Simple verification code processing for crawler

  A branch of machine vision: text recognition, introduces how to use some Python libraries to recognize and use text in online pictures. Translating images into text is generally referred to as Optical Character Recognition (OCR). There are not many low-level libraries that can implement OCR. At present, many libraries use several common low-level OCR libraries, or customize them. Here we only focus on: Tesseract

  Tesseract is an OCR library, currently sponsored by Google (Google is also a company known worldwide for OCR and machine learning techniques). Tesseract is currently recognized as the best and most accurate open source OCR system. In addition to its high accuracy, Tesseract also has high flexibility. It can be trained to recognize any font, as well as any Unicode character.

Windows system

Download the executable installation file https://code.google.com/p/tesseract-ocr/downloads/list install.

Linux system

It can be installed via apt-get: $sudo apt-get tesseract-ocr

Tesseract is a Python command-line tool, not a library imported via the import statement.

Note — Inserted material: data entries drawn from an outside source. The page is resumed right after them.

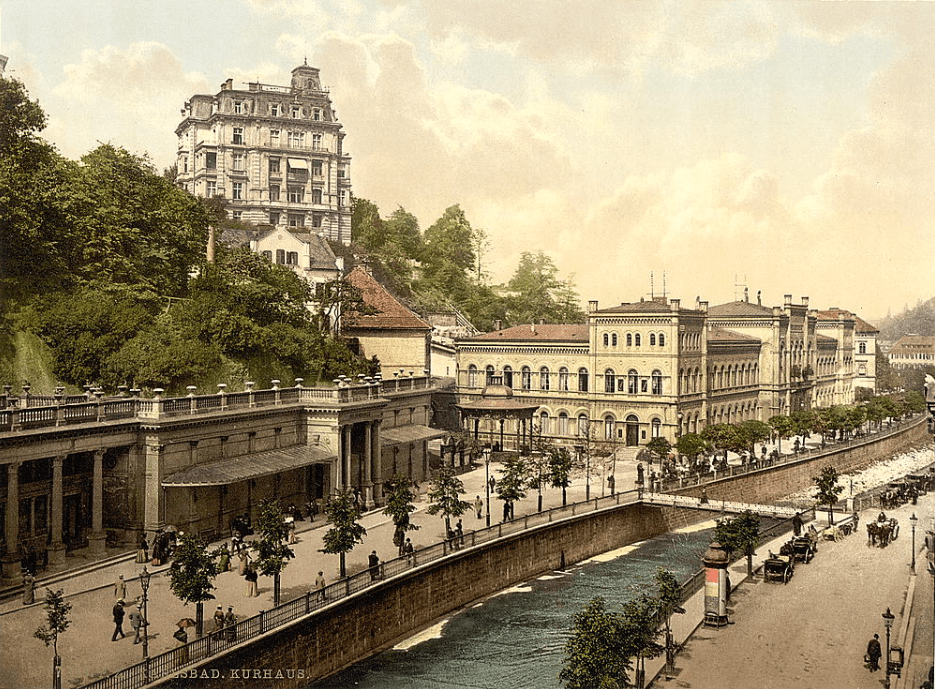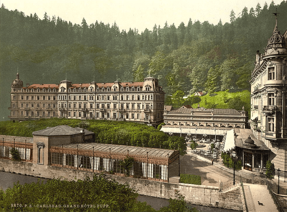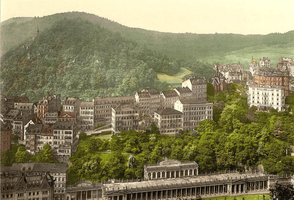 Le pays imaginaire de Zubrowka et la station thermale de Nebelsbad relèvent d’une géographie mentale plutôt que réaliste. Le film situe la ville « en contrebas des Sudentenwaltz alpines ». Pour créer cette station thermale fictive, Anderson s’inspire de deux villes mythiques d’Europe de l’Est : Karlovy Vary (Karlsbad en allemand – ci-dessus à gauche) et Mariánské Lázně (Marienbad en allemand – ci-dessus à droite), situées aujourd’hui à l’ouest de la Tchéquie, non loin de la frontière allemande.
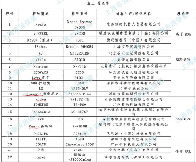 上海市消保委官网介绍称,本次比较试验主要通过线上综合电商平台以及线下大型百货商场和家电卖场等渠道购买了25件智能扫地机器人样品(线上17件,线下8件),涉及包括iRobot、科沃斯、戴森、米家等在内的25个品牌,价格在1088元-7999元不等,基本涵盖了市场上的主流品牌及型号。
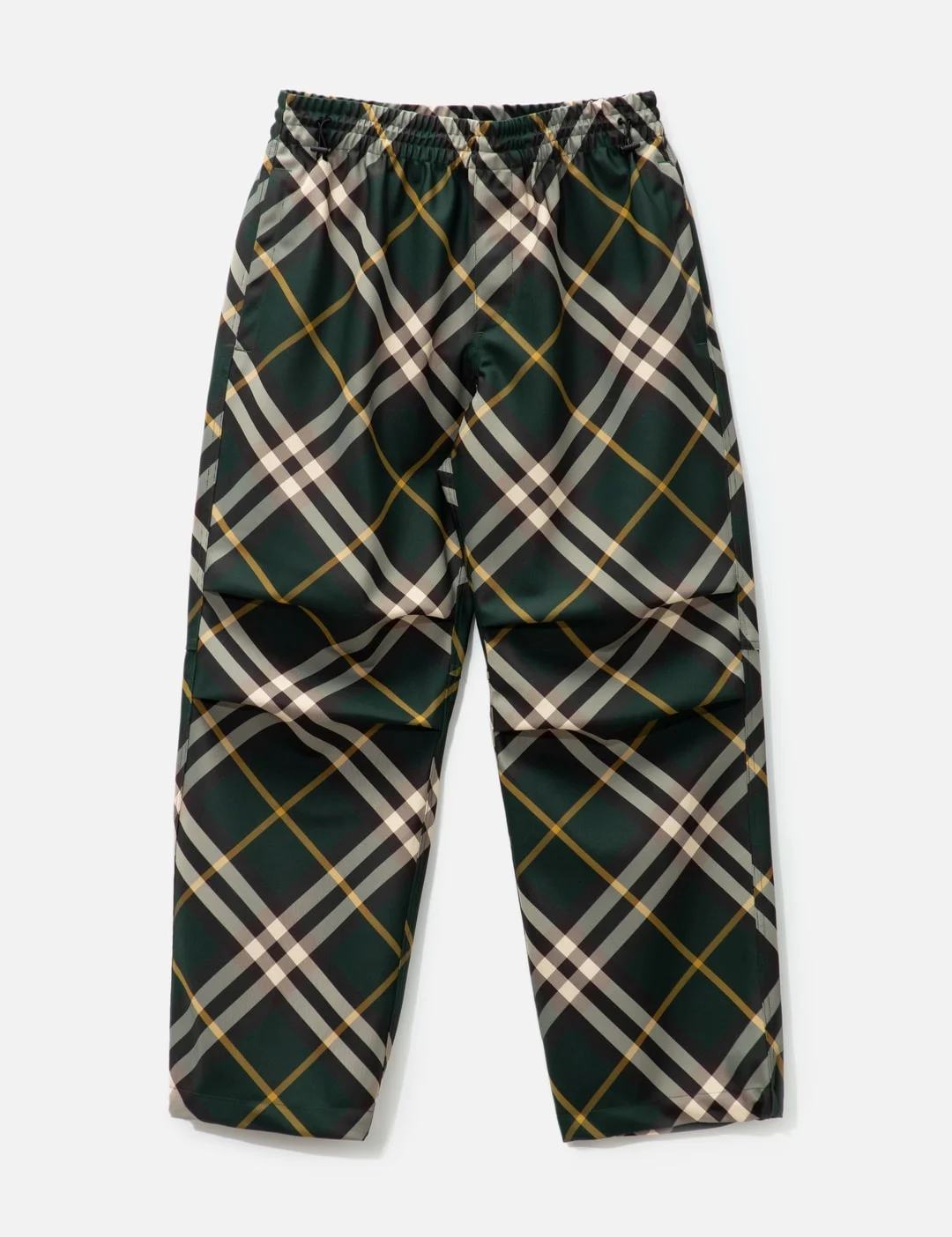 - Burberry - Check Pants - Relaxed fit - Lightweight twill fabric - Zip closure - Drawcord waist and cuffs - Side press-stud pockets - Printed Equestrian Knight Design at back flap pocket - Color: Ivy - Material: 100% Polyester - See more Pants and Clothing SIZING - Model wears size M - Model measures: Height 187cm, Chest 36”/91cm, Waist 29”/74cm, Hip 37”/94cm

After installation, use the tesseract command to run outside of Python, but we can install the Tesseract library that supports the Python version via pip:

pip install pytesseract

import pytesseract
from PIL import Image

image = Image.open('test.jpg')
text = pytesseract.image_to_string(image)
print(text)

Using a Python script to clean up the image, using the PIL library, we can create a threshold filter to remove the gradient background color and leave only the text, so that the image is clearer and easier to read by Tesseract:

from PIL import Image
import subprocess

def cleanFile(filePath, newFilePath): image = Image.open(filePath) # 对图片进行阈值过滤(低于143的置为黑色,否则为白色) image = image.point(lambda x: 0 if x < 143 else 255) # 重新保存图片 image.save(newFilePath) # 调用系统的tesseract命令对图片进行OCR识别 subprocess.call(["tesseract", newFilePath, "output"]) # 打开文件读取结果 with open("output.txt", 'r') as f: print(f.read()) if __name__ == "__main__": cleanFile("text2.png", "text2clean.png")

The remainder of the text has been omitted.